Das Subeventualbegehren (Weiterleitung der Eingabe vom 23. Dezember 2002 an
die zuständige kantonale Stelle [Sanitätsdirektion] zwecks Weiterbehandlung)
wurde schon im kantonalen Verfahren gestellt. Die Vorinstanz gab diesem
Verfahrensantrag mangels hinreichender Substanziierung nicht statt.
Es lässt sich fragen, ob der angefochtene Entscheid in Bezug auf die
abgelehnte Weiterleitung der Sache an die Sanitätsdirektion überhaupt eine
Verfügung im Sinne von Art. 97 Abs. 1 OG und Art. 5 VwVG darstellt (vgl. BGE
121 I 174 f. Erw. 2a; vgl. auch BGE 110 Ib 96). Indes, selbst wenn das bejaht
wird, ist im Verhalten der Vorinstanz keine Bundesrechtswidrigkeit zu
erblicken. Eine solche wird denn auch nicht gerügt. Insbesondere wird die
Frage, ob der Eingabe vom 23. Dezember 2002 (verjährungs- oder
verwirkungs-)fristwahrende Bedeutung zukommt, von der Nichtweiterleitung an
die zuständige kantonale Stelle nicht berührt. Es besteht daher auch für das
Eidgenössische Versicherungsgericht kein Anlass, die Sache an die
Sanitätsdirektion zu überweisen. Art. 107 Abs. 1 OG kommt auch nicht
sinngemäss zum Zuge.

9.
Die Sanitätsdirektion wirft in Ziff. 5 ihrer Vernehmlassung verschiedene
materielle Fragen zur Differenzzahlungspflicht der Kantone nach Art. 41 Abs.
3 erster Satz KVG auf. Darauf kann im Rahmen des Prozessthemas (Erw. 2
Ingress und Erw. 7.3) nicht eingetreten werden.

10.
Das Verfahren ist kostenpflichtig (Art. 134 OG e contrario; BGE 123 V 309
Erw. 9). Dem Prozessausgang entsprechend sind die Gerichtskosten der Helsana
aufzuerlegen (Art. 156 Abs. 1 OG in Verbindung mit Art. 135 OG).

Demnach erkennt das Eidg.
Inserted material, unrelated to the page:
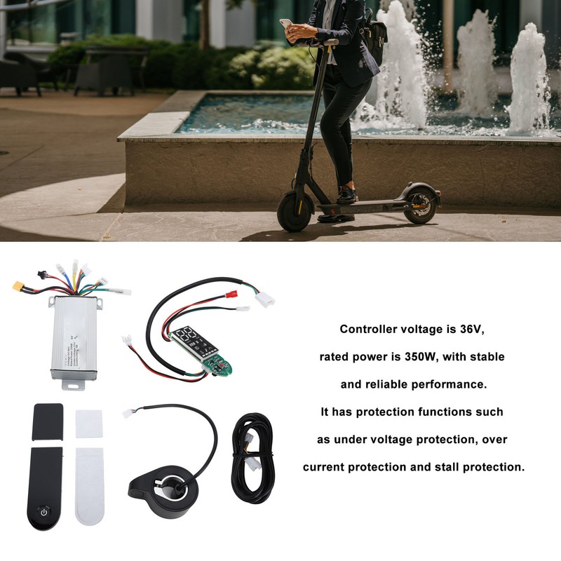 1、GOOD HEAT DISSIPATION: The controller case is made of metal material with grooves to protect the internal circuitry from overheating due to poor heat dissipation. 2、COMPLETE ACCESSORIES AND EASY TO REPLACE: The set includes controller, dashboard and other accessories, easy to replace and install to meet users' needs. 3、STABLE AND RELIABLE PERFORMANCE: The rated voltage of the controller is 36V and the rated power is 350W, which makes the performance stable and reliable. It is equipped with various protection functions such as under voltage protection, over current protection and stall protection, which guarantees the safe operation of the electric scooter. 4、STABLE SPEED CONTROL: The controller set can provide stable speed control with sensitive braking and direction change control. 5、WIDELY APPLICABLE: The controller set is suitable for Xiaomi M365, 1s, pro, pro2 imitation YFS and other electric scooters, with a wide range of applications.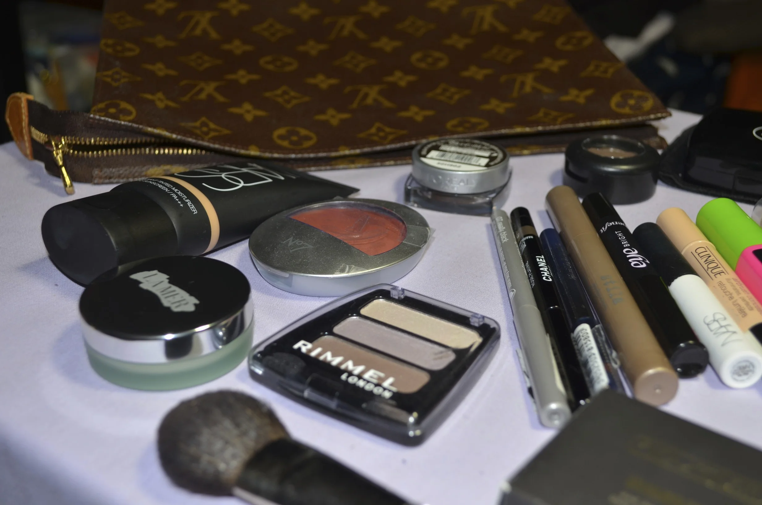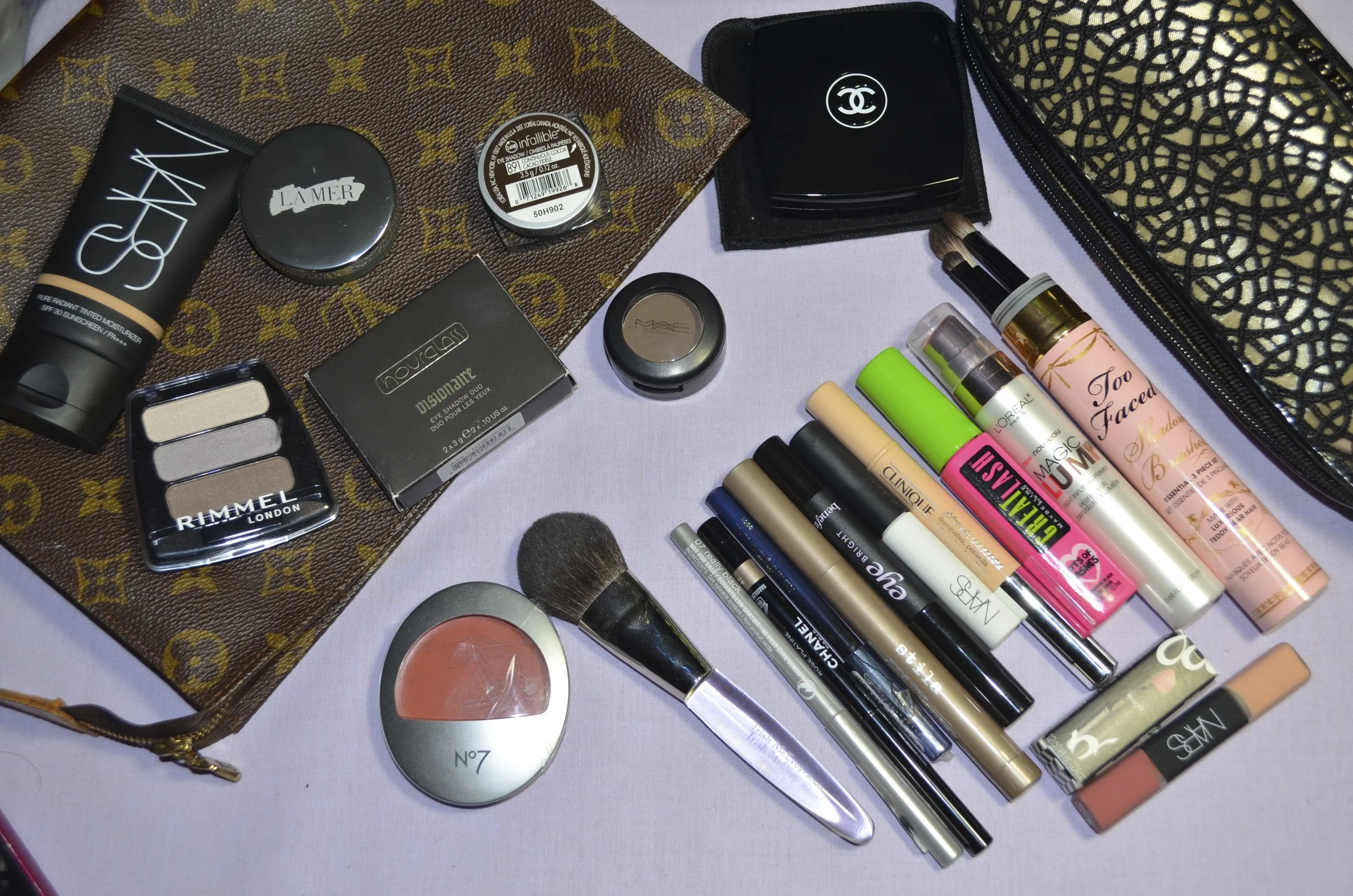 Products: Nars Pure Radiance Tinted Moisturizer, La Mer the Lip Balm, L'Oreal Infallible Eyeshadow in Continuous Cocoa, Chanel Joues Contrastes Blush in Winter Shimmer, Rimmel Eyeshadow Trio in Elements, Hourglass Visionaire Eyeshadow Duo in Suede, MAC Eyeshadow in Concrete, No7 Cheek Tint in Peach Silk, Trish McEvoy Sheer Blush Brush (2B), Clinique Quickliner in Really Black, Chanel Le Stylo Yeux in Rose Platine, Bourjois Duochrome Eyeliner in Noir Bleute, Stila Smudge Crayon in Smoke, Benefit Eye Bright, Nars Smudgeproof Eyeshadow Base, Clinique Airbrush Concealer, Maybelline Great Lash Lots of Lashes, L'Oreal Magic Lumi Primer, Too Faced Essential Eye Brushes

Versicherungsgericht:

1.
Die Verwaltungsgerichtsbeschwerde wird abgewiesen, soweit darauf einzutreten
ist.

2.
Die Gerichtskosten von Fr. 2000.- werden der Beschwerdeführerin auferlegt,
unter Anrechnung des von ihr geleisteten Kostenvorschusses von Fr. 1000.-.

3.
Dieses Urteil wird den Parteien, dem Verwaltungsgericht des Kantons Glarus
und dem Bundesamt für Gesundheit (BAG) zugestellt.